İnsanlık Dışı Büyücü Bölüm 410 - 410: Kusur - Fenrir Scans
Karanlık Mod?

İnsanlık Dışı Büyücü Bölüm 410 – 410: Kusur

İnsanlık Dışı Büyücü novelini en güncel şekilde Fenrir Scansdan okuyun.

İnsanlık Dışı Büyücü Novel

Bölüm 410 – 410: Kusur

“Bunu bir tehdit olarak algılayabilirsin. Seni Dalia gönderdi, değil mi? Ama şunu bil, başka üslerimiz de var. Füzelerimiz zaten Dalia Başkentini hedef alıyor. Eğer saldırmayı bırakmazsan, o şehir yok olacak.” havaya uçtu.” Komutan Hamilton, Lucifer'i korkutmaya çalışarak konuştu.

” ve o şehir gittiğinde sana kim para ödeyecek? Buna değecek mi? Sadece neyin tehlikede olduğunu bil! Öte yandan, eğer bize saldırmayı bırakırsan, sadece Dalia güvende olmakla kalmayacak, aynı zamanda sana da para ödeyeceğiz. eğer bizim için çalışırsan çok şey olur!” ayrıca ekledi.

“Yani eğer durmazsam Dalia'yı havaya mı uçuracaksın?” Lucifer yüksek sesle sordu.

“Doğru. O halde şimdi karar verin.
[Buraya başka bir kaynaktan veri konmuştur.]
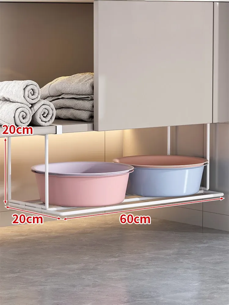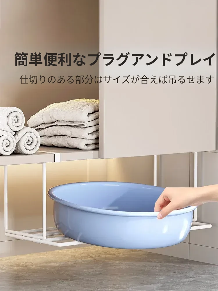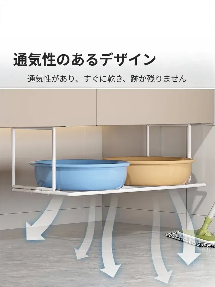 バスルーム用洗面台収納ラック - スペースを有効活用!洗面盆下の収納をスッキリ整理、浴室を美しく保つための必需品です!洗顔台の下に簡単取り付け、毎日の生活をもっと快適に!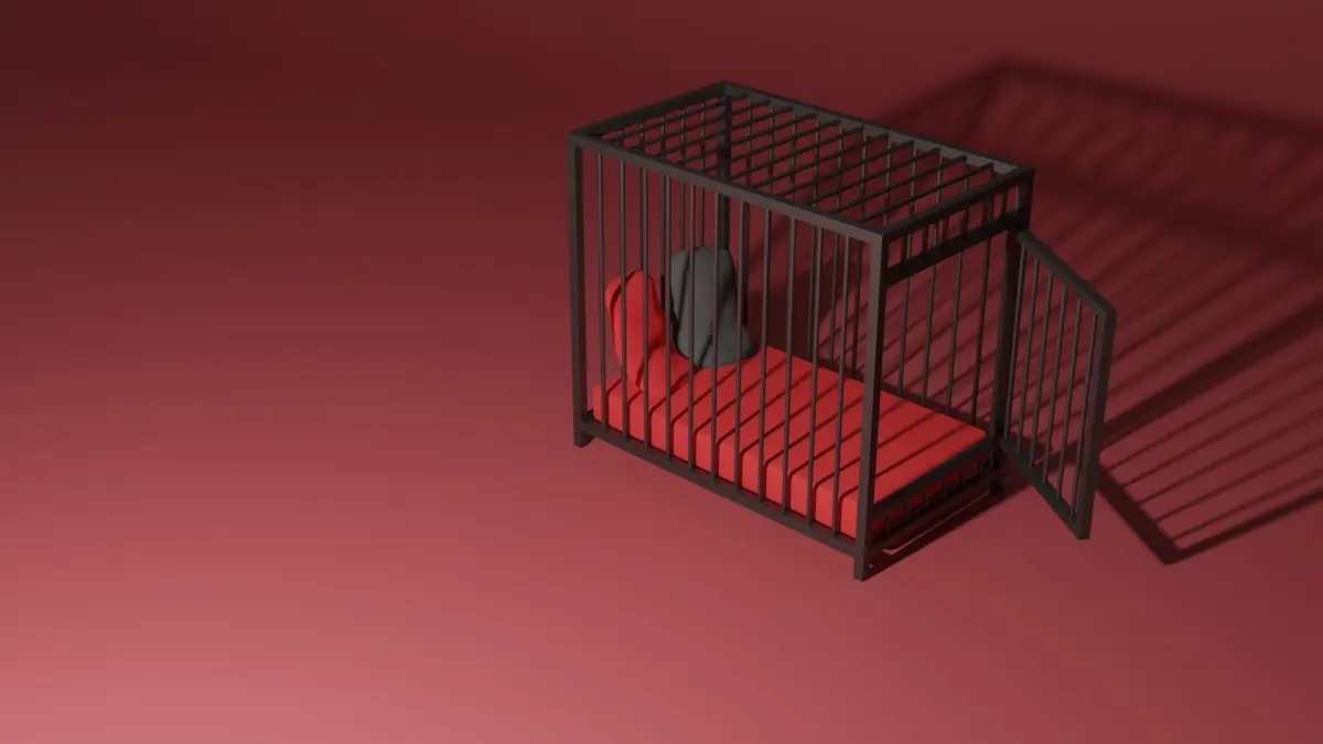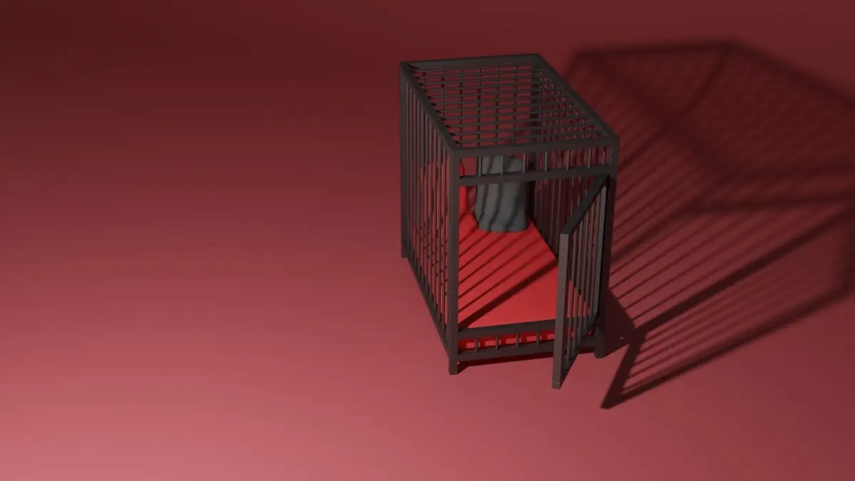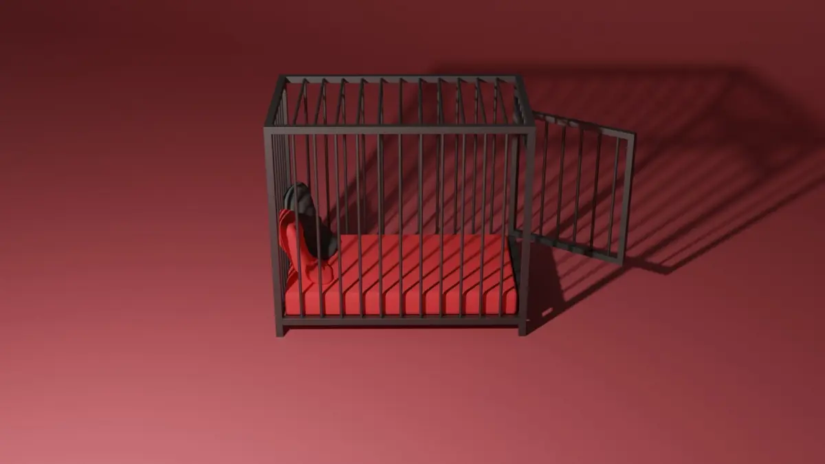 A BDSM bed that is in a cage. The cage has a door that can be opened and closed. The metal is black and the mattres red with a red and a black pillow on the bed. The colors can easily be changed. Perfect for any dungeon. The model is made in Blender 3.0 and rendered in cycles.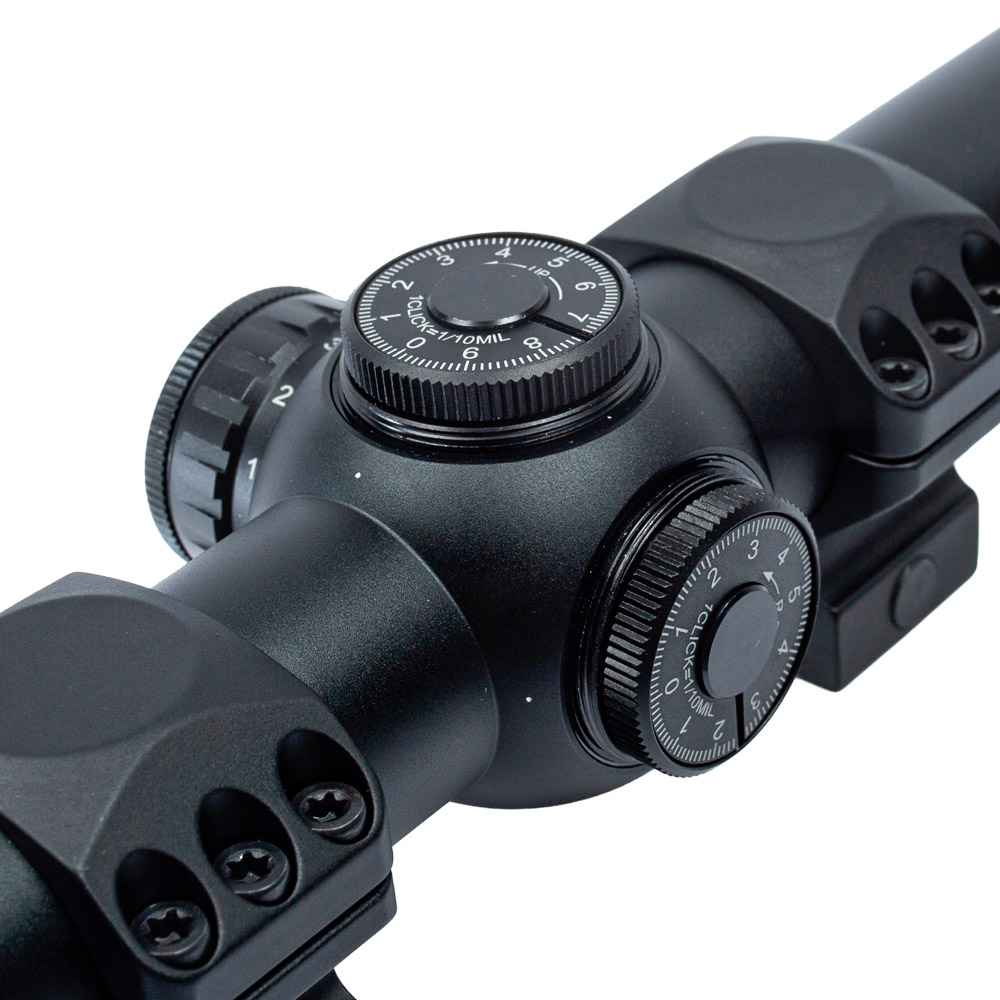 Cada clique das torres move o ponto de impacto em 0,1 MIL, oferecendo regulagem fina e precisa para vento e elevação.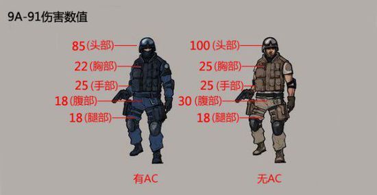 总的来说9A-91的武器伤害还是中规中矩,虽然比不上M4A1的伤害但是相比较于其他冲锋枪伤害还是很可观的。爆头伤害一般,面对有AC的敌人即使爆头还需要补一枪才能死,实战时需要注意。
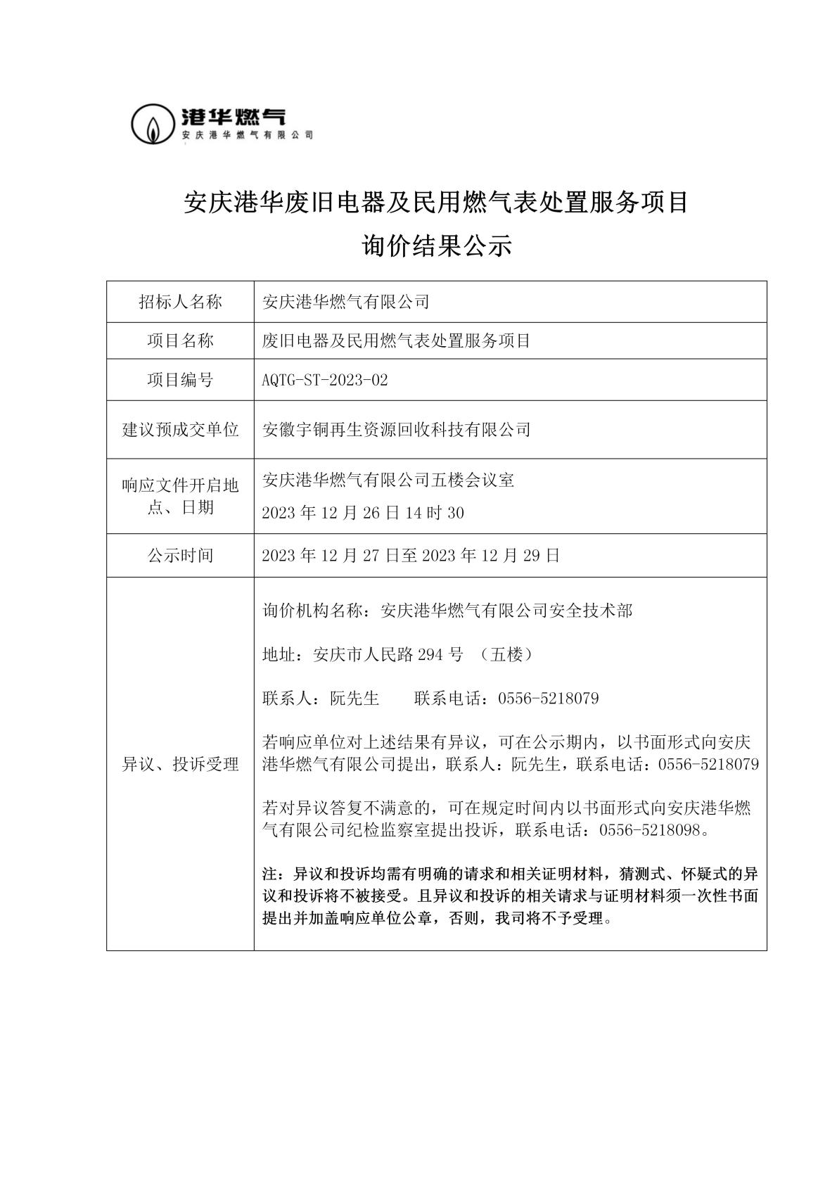 安慶港華廢舊電器及民用燃氣表處置服務(wù)項目詢價結(jié)果公示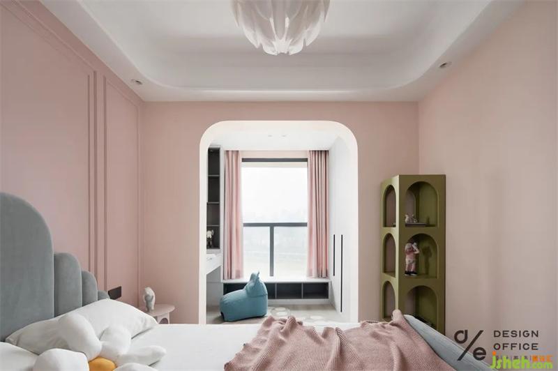 不同色值粉色的運(yùn)用,讓空間色調(diào)在簡靈中透出豐富度,為空間帶來可愛、靈動的氣息,柔和的座椅軟包親切溫馨,打破高級灰的傳統(tǒng)印象。墨綠色柜體,與小尺度空間完美契合。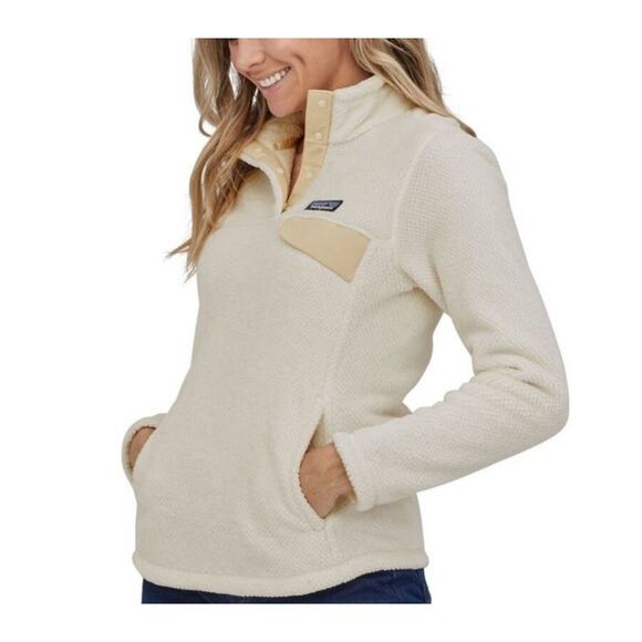 Patagonia Snap-T Pullover Fleece Top Womens Small White Raw Linen Logo Heritage

Saldırmaya devam mı edeceksiniz, yoksa bizim için çalışmaya mı başlayacaksınız?” Komutan Hamilton sordu.

“Pekala. Devam et ve Dalia'yı havaya uçur. Onları neden umursayım? Seni yok etmek için buradayım, onları kurtarmak için değil. Onlara ne yapacağın umurumda değil,” diye yanıtladı Lucifer doğrudan.

“Onlara ne olacağı umurunda değil mi? Seni onlar tarafından gönderilmedin mi?” Komutan Hamilton şaşkınlıkla sordu.

Eğer bu adam Dalia tarafından gönderilmediyse neden buradaydı? Anlayamıyordu.

“Onlar tarafından gönderilmediysen neden bizi yok etmek istiyorsun? O halde seni kim gönderdi?” O sordu.

“Dışarı çık ve benimle yüz yüze konuş. Saklanmayı bırak, ben de sana anlatayım!” Lucifer, yıkılmaya devam eden şehrin üzerinde uçmaya başladığında cevap verdi.

Yıldırım nedeniyle binaların neredeyse yarısı yıkıldı. Militanların silah depolarına yıldırım düşerken sağda ve solda patlamalar yaşanıyordu.

Komutan Hamilton nasıl tepki vereceğini bilemediği için sessiz kaldı.

“Bu adam Dalia tarafından gönderilmedi mi? Acaba kafamızı karıştırmak için yalan mı söylüyor?” Sığınağın içinde Hamilton, burada olup bitenleri anlayamayarak ileri geri yürümeye başladı. Bu adam kimdi ve nereden geldi?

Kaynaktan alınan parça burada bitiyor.